Well. Let’s start off with Zone Conference. I love meeting together with a bunch of missionaries to receive instruction. I always learn so much. I set a goal for myself two weeks ago to pray more sincerely and to work more closely with the ward members. Every single talk on Tuesday could be tied back into those topics. When you set a goal, God helps you achieve it. The only problem with zone conference is that it eats up an entire day of proselyting…
On Thursday, we taught the most solid member referral ever!! We’ll call him S. He’s basically the most prepared person on the planet. He came to church on Sunday and accepted a baptismal date of October the 12th! First lesson!!
On Friday, Elder Craig A Cardon of the First Quorum of the Seventy toured our mission and we got to hear from him! He spoke on…. actually I don’t remember and I don’t have my notebook with me haha. I’m still a little frazzled from the weekend! But again, we received a lot of edifying instruction and once again I came away with a looootttt of things I need to work on.
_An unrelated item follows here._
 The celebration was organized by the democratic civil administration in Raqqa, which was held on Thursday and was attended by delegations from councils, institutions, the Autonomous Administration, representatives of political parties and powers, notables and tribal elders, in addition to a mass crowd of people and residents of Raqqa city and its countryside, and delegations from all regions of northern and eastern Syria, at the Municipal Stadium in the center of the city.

I was asked to sing in a musical number with some other missionaries from our zone for the meeting. It was a wonderful experience. Singing is far less stressful than playing the piano, in my opinion 😛 Another amazing meeting, buuuut another lost proselyting day.
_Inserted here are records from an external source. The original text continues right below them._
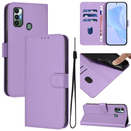 Funda de Piel para Tecno Spark 7/7T con Textura Lisa y Cordón (Morado Lavanda)
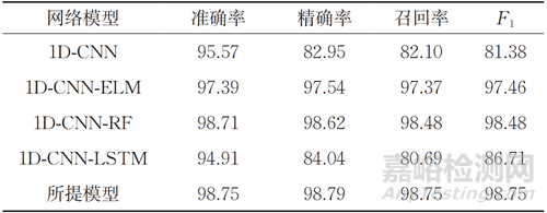 對(duì)比不同的深度學(xué)習(xí)模型,通過準(zhǔn)確率、精確率、召回率和F1值綜合評(píng)估其性能??梢园l(fā)現(xiàn),1D-CNN與1D-CNN-LSTM的準(zhǔn)確率較高,但精確率、召回率和F1值相對(duì)較低,同時(shí)可能存在一些分類誤差,尤其是在對(duì)缺陷的精準(zhǔn)度上有待提高。1D-CNN-ELM和1D-CNN-RF模型表現(xiàn)相當(dāng)穩(wěn)定,準(zhǔn)確率和精確率較高,但仍然有一些微小差異,所提模型在所有性能指標(biāo)上均表現(xiàn)卓越,準(zhǔn)確率、精確率、召回率和F1值都不小于98.75%,突顯了其在數(shù)字信號(hào)缺陷分類任務(wù)中的卓越性能。
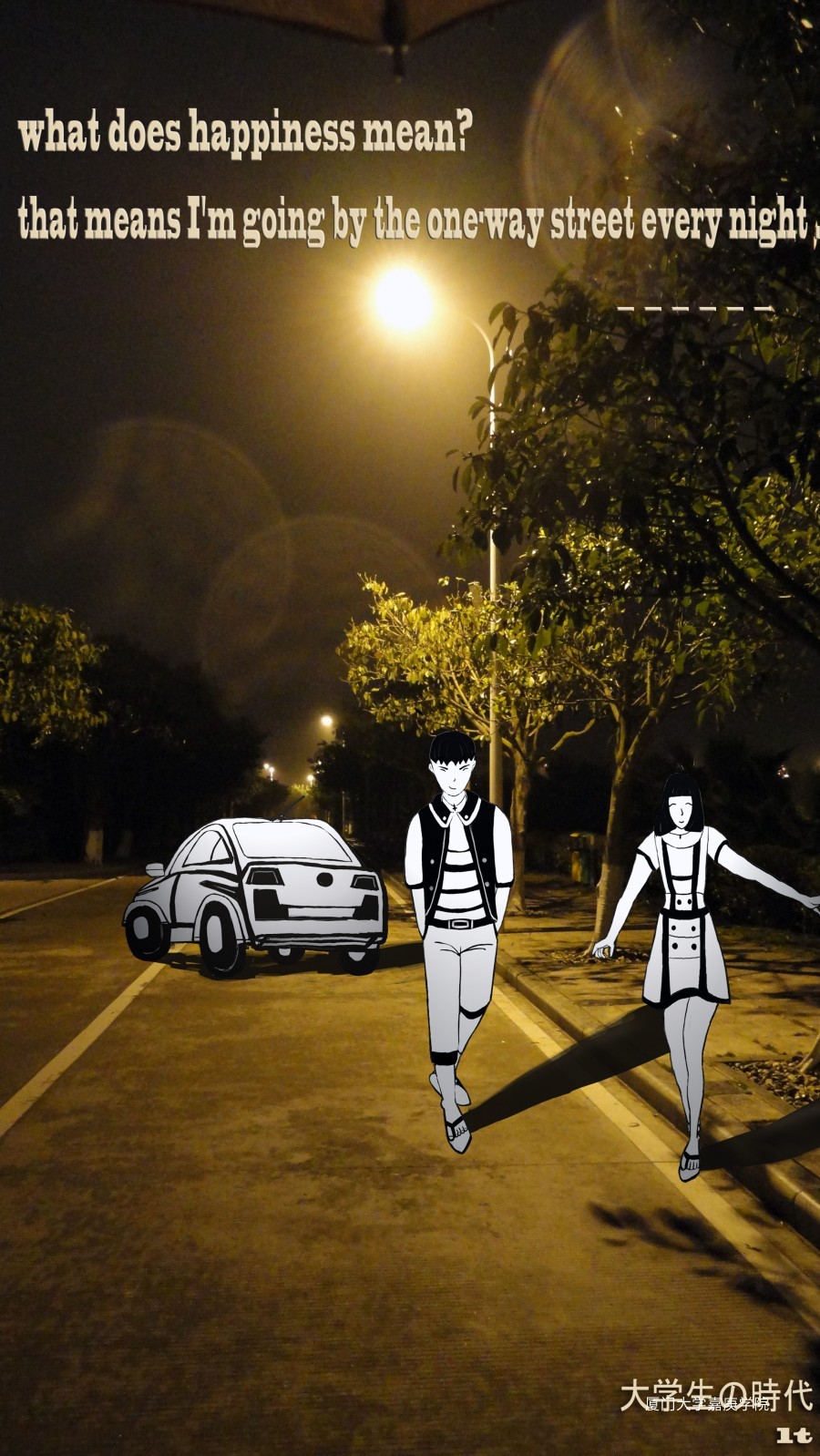 学校夜晚小道

We ran out of money again this week and once again the Lord provides. Members out of no where have given us tons of food. Like, we have two whole chickens in our fridge right now. Our members are the best 🙂
We’ve been working on going through our ward list lately and trying to track down some of these people that don’t have a phone number and no one has seen in years. On Saturday night, we dropped by a couple of those people plus less actives to drop off invitations to the fireside on Sunday. No one was home… but we left them notes and an invitations.
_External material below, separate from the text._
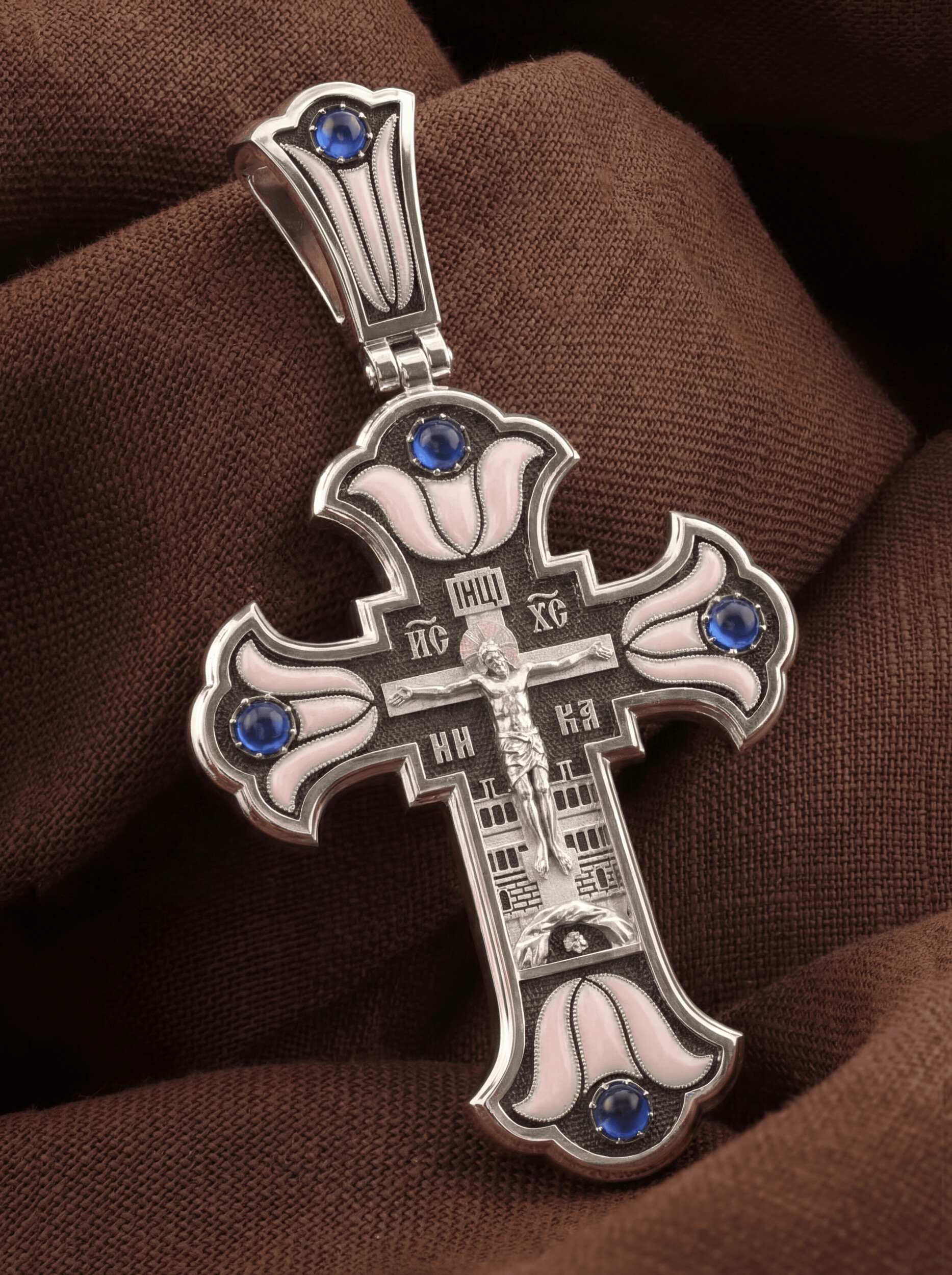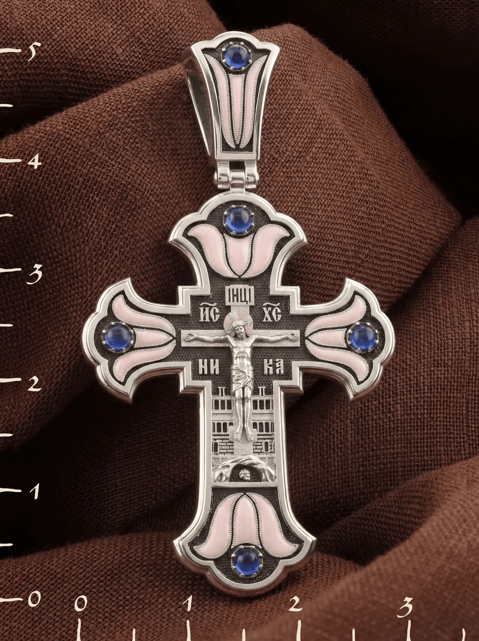 На лицевой стороне креста изображено Распятие Господа и Спасителя нашего Иисуса Христа. Христос, подвергнутый на кресте мучительной казни, своими страданиями искупил нас от древнего греха и даровал нам жизнь вечную. На верхней табличке, выше головы Иисуса, расположена надпись, составленная Понтием Пилатом — «IНЦI». Она означает «Иисус Назорей, Царь Иудейский». Надписи «IС» « ХС» означает Иисус Христос и слово «НИКА», что означает «победитель», помещается на разных сторонах поперечной перекладины креста. За крестом высится Иерусалимская стена, в знак того, что Господь был распят вне стен города. Крест стоит на горе камней, символизирующих Голгофу. Под подножием Креста изображена покоящаяся голова (череп) Адама, грехи которого Христос омыл Своею Кровью.
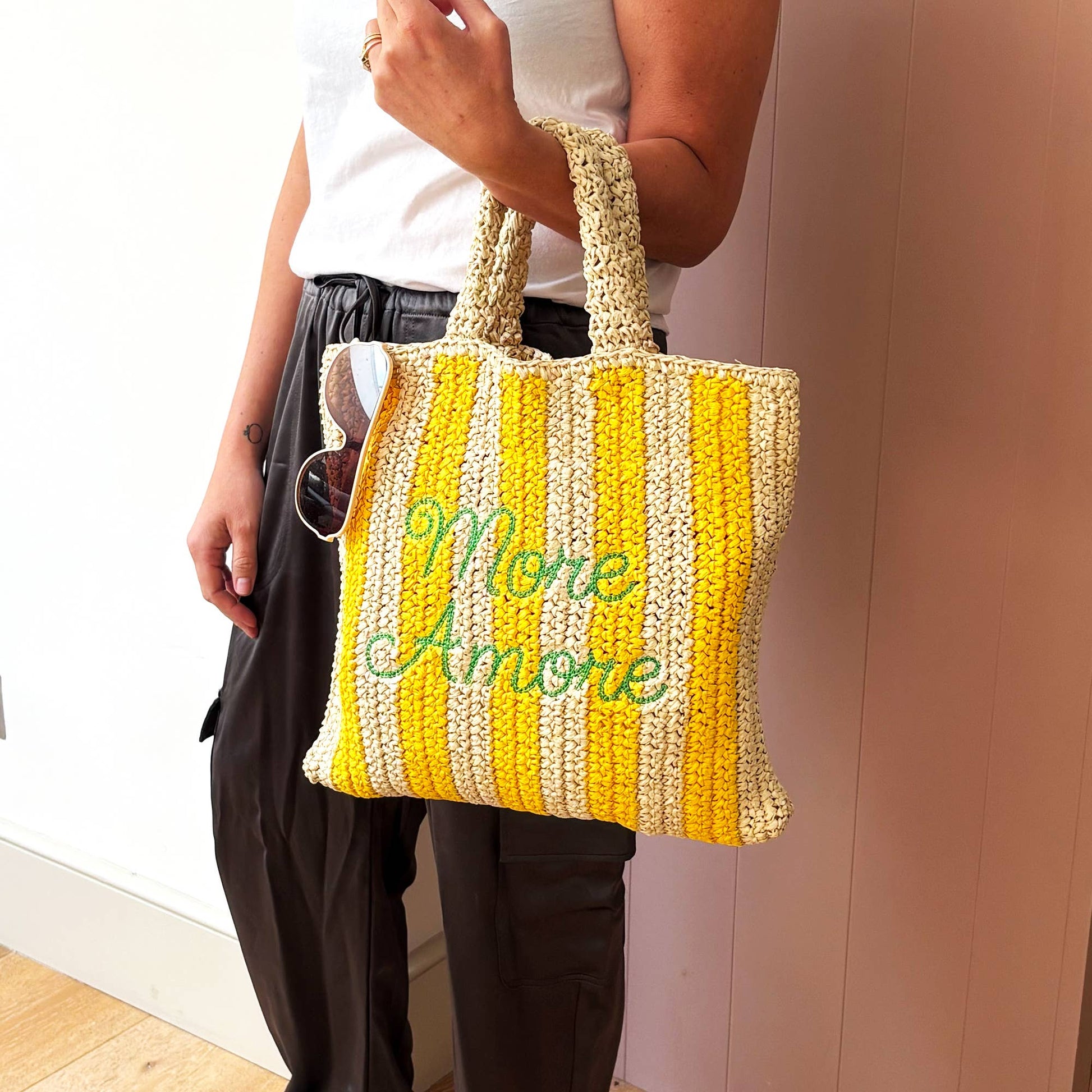 This stylish striped beach bag is the perfect companion for your beach trips or summer getaways. Ideal for summer weddings or as a thoughtful birthday gift, this embroidered tote combines style and functionality. Pack your essentials in style and make a splash. This bag is handmade with custom embroidery. This is the perfect bag for day to day and a day at the beach. Ideal for Shopping or a day at the Beach. This bag can be wiped clean with a damp cloth.

Then we got a phone call from a lady in our ward whose opinion I really value. We missed the phone call actually, but she left a voice mail. A very vehement voice mail. As you know, I’ve been struggling lately to feel like a successful missionary and have been working to develop more love for the people I work with and to work more closely with the ward members. This sister left the most hurtful message I have ever received in my entire life. I’m not going to go into details, but the overall theme of the message was that she felt like we were irresponsible missionaries. Luckily we got the message at 8pm so I only had an hour to be distraught about it. I still have no idea what prompted this or why she felt the need to express those feelings. Sister Lundin was far more calm than I was. Upon a TON of reflection, I truly feel like we have been doing everything in our power to fulfill assignments, to be exactly obedient, and follow the counsel of our leaders. To be accused of doing otherwise was, to say the least, hurtful. Especially since I’m not only the senior companion, but also Sister Lundin’s trainer… I felt like I had failed in my calling.
After counseling with our sister training leaders and bishop (who reassured us that he is very pleased with our work), we decided to let it cool until we saw this woman at church the next day. Oh and by the way, out of every ward in Toronto, Elder Craig A Cardon and President and Sister Clayton chose ours to attend on Sunday. Aaannnd prior to knowing that he’d be coming, Sister Lundin and I agreed to do a piano duet in Sacrament meeting which we had been practicing during our lunch hours. I forgot how stressed out I get performing on the piano! Which makes me really sad because I really do enjoy playing…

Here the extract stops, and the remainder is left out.